I think the seals are bad in the A/B clutch drums which is causing a critical pressure leak. I thought the seals were good to go because I was looking for visible damage but as you can see in my post above about the A clutch seals the they appear deformed from age.


I think you recommended me changing them all the way back on page 1 :D

TriX5 04-16-2020 09:07 AM

Hammer - Yes, O-rings deform when pressure is applied. However, over time they become much stiffer and less able to take the shape needed at point in the duty cycle. They take on a squarish shape if you would look at them in section. In the X5 transmission the fluid runs quite hot as it goes through a heat-exchanger at the bottom of the radiator. In my view this means the O-rings age even quicker than air-cooled transmission applications. (Transmission cooler is a misnomer in the case of this application, I feel it heats more than it cools...)

Hence my belief that once one bothers with the effort of removing and opening an AT, the minimum is to change all the seals and rings.

I am impressed with your efforts on trouble shooting this! Once you are sure the trans is mechanically sound any remaining issue should be electrical.

RRPhil 04-16-2020 01:15 PM

I think you’re getting overly concerned about the air pressure testing. Static seals like O-rings respond well to an air pressure test. Dynamic seals don’t. If you’re rebuilding the transmission you need the overhaul kit which includes all the gaskets, seals and plugs.

https://i260.photobucket.com/albums/...psvubhi5vs.jpg

https://i260.photobucket.com/albums/...psjqttadc3.jpg

Some of the phosphor bronze bushes in the transmission also act as seals for the clutches so it’s important to check them for wear. Ideally you don’t want a radial clearance greater than 25μm.

https://i260.photobucket.com/albums/...pssuiagsir.jpg

If you replace the seals and check the bushes, the clutches will be fine. I feel this is distracting you from the P0751 problem, which is an electrical/electronic issue.

Phil

hammerdownineffect 04-16-2020 01:36 PM

Sorry, I wasn't trying to circumvent the diagnostic process.
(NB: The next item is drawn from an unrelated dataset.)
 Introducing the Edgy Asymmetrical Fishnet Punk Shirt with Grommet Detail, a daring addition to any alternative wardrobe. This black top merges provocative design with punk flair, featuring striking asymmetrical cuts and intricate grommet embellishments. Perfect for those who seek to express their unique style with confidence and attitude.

I've read that P0751 could mean both electrical or mechanical faults, some claiming that even low trans fluid could cause this code to pop up.
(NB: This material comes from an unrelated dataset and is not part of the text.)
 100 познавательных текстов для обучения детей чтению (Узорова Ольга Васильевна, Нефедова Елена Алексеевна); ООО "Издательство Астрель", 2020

I'm just trying to eliminate every possibility so I don't end up having to pull this trans again.



Being on such a tight budget, I did not use a rebuild kit and only replaced the one split o-ring between the A/B clutches. All the other clutch seals are original to the car (other than the split fiber rings). At this point, should I bother replacing these seals?


Given that the code is implying an electrical fault and I've done the bench tests with no evident failures, do you think the solenoid itself is bad? What other electronic diagnostic tests can be done?


Again, I truly appreciate you helping walk me through this problem!